Jak wyglądało moje rozstanie i kolejne godziny po nim ? Dokładnie tak jak opisałem to wyżej.

1. Rozstaliśmy się w środę, powiedziałem jej to na spotkaniu że odchodzę. Nie czekałem na pytania, powiedziałem, spojrzałem ostatni raz i odszedłem. Wróciłem do domu.

2. Położyłem się. Nie miałem ochoty na nic innego, robiłem to co podpowiada mi umysł. On potrzebował byś sam - samotność . Leżałem i myślałem dobre parę godzin. Myśli miałem tak samo te lepsze jak i te gorsze. Rozdzierało mnie od środka. Płakałem wewnętrznie. Szarpało mnie by to cofnąć, bo to odwołać, by napisać do niej - bądź odpowiedzialny za czyny i słowa .

3. Czwartek. Praca, siłownia, obowiązki - zajmuj sobie czas / praca .
Zapytasz, a co z nią ? Nic. Odebrałem swoje rzeczy mówiąc tylko cześć i odchodząc. Czy nie było mi źle ? Było. Cierpiałem. Myślałem o niej. Walczyłem sam ze sobą. Kłóciło się serce z umysłem. Kolejna dawka wieczornej samotni.
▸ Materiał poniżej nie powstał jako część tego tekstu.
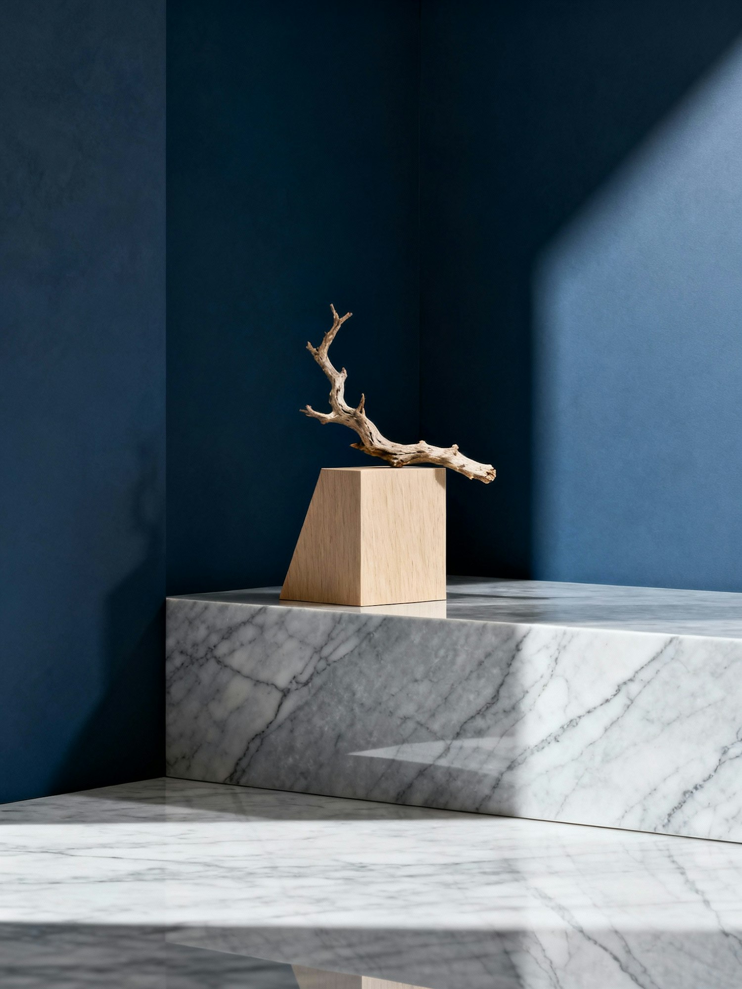 Minimalist decor with a wooden pedestal, driftwood sculpture, and marble base against a deep blue wall, bathed in natural light.
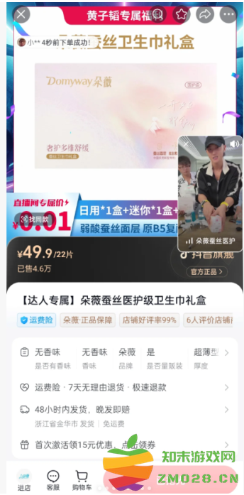 收到了黄子韬直播间抢到的卫生巾,第一时间就来给大家出测评了:
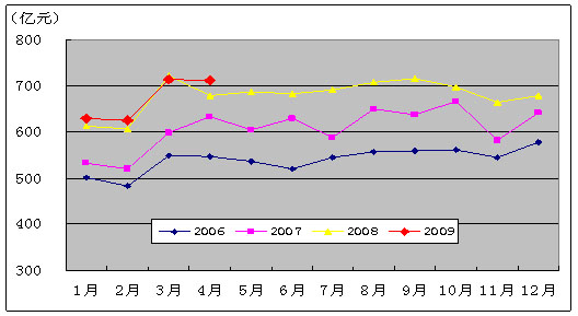 表1. 2009年1-4月固定本地与移动本地通话量比较
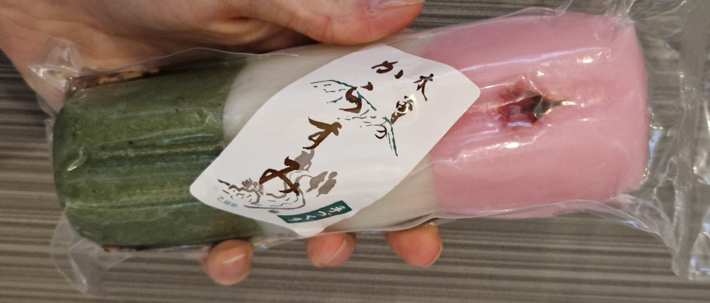 On our way back to our accommodation we stopped at a michi no eki and explored the river across from it the Shizumo Forest – River and Green Park. It was absolutely boiling hot, but enjoyable to explore the riverside. We also picked up some local sweets at the michi no eki – a type of three flavoured mochi used on Hina Matsur – it was delicious, I would certainly recommend picking some up if you are in the area.
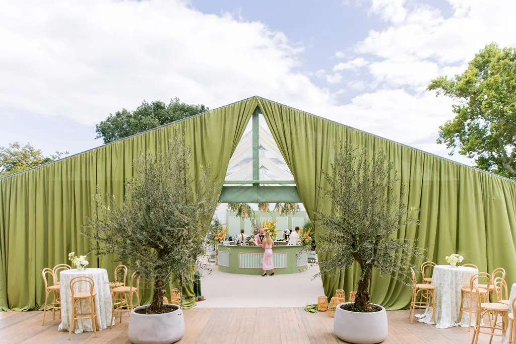 The evening continued around a custom cocktail bar with signature drinks, a dance floor, and live music. Scenic lighting unified the entire space, while fifty-year-old olive trees transformed the lounge into a small Tuscan-inspired world.
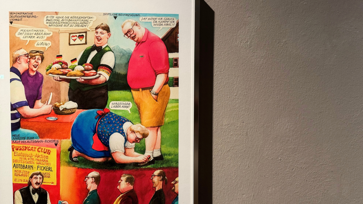 Auch als damals die Autobahnvignette eingeführt wurde und die Angst der Österreicher groß war, dass die Deutschen deswegen nicht mehr in den Urlaub ins Nachbarland fahren würden, ist ein Thema. Gerhard Haderer hat seine eigenen Lösungsvorschläge zu Papier gebracht, die Deutschen wieder ins Land zu bekommen. Er hat daraus eine Art Comic gemacht. Wie wäre es damit, den Deutschen die Schuhe zu putzen oder Eintrittskarten in den Pussyclub zu schenken?
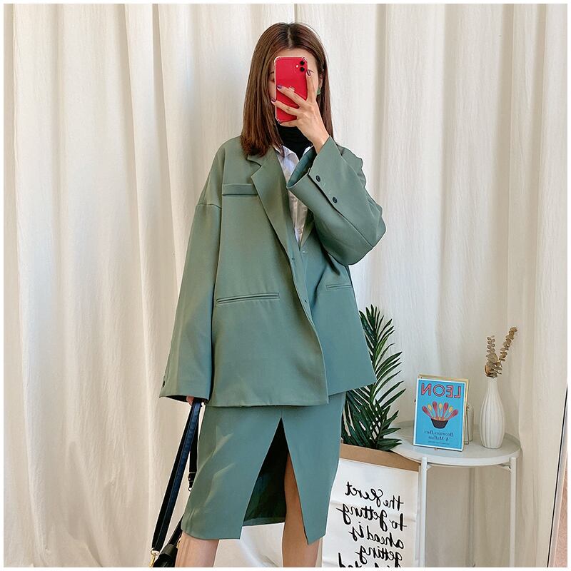トレンドのオーバーサイズがおしゃれなジャケットとスカートの2点セットです。

4. Piatek. Praca, siłownia, obowiązki - zajmuj sobie czas / praca . Wieczorem spotkałem się ze znajomymi. Trochę wypiliśmy, pogadaliśmy pośmialiśmy się.

5. Sobota. Uczelnia - praca
Po uczelni nie miałem ochoty na nic innego tylko na bycie ze sobą - samotność . Leżałem, myślałem, tłumaczyłem sobie parę rzeczy. Tak wciąż za nią tęskniłem.

6. Niedziela. Uczelnia - praca
Po uczelni wyszliśmy ze znajomymi na festyn, pogadaliśmy, pośmialiśmy się ale wciąż o niej pamiętałem. - zajmuj sobie czas .

Dalej mam odwoływać to do kolejnych dni ?

Dziś jest wtorek, a ja wciąż o niej pamiętam, wciąż tęsknię i wciąż jest mi źle że stało się tak, a nie inaczej - że nie mogliśmy jednak być szczęśliwi dalej.
Ale wiem że tak musiało być i wiem że tak jak z każdego narkotyku można się wyleczyć.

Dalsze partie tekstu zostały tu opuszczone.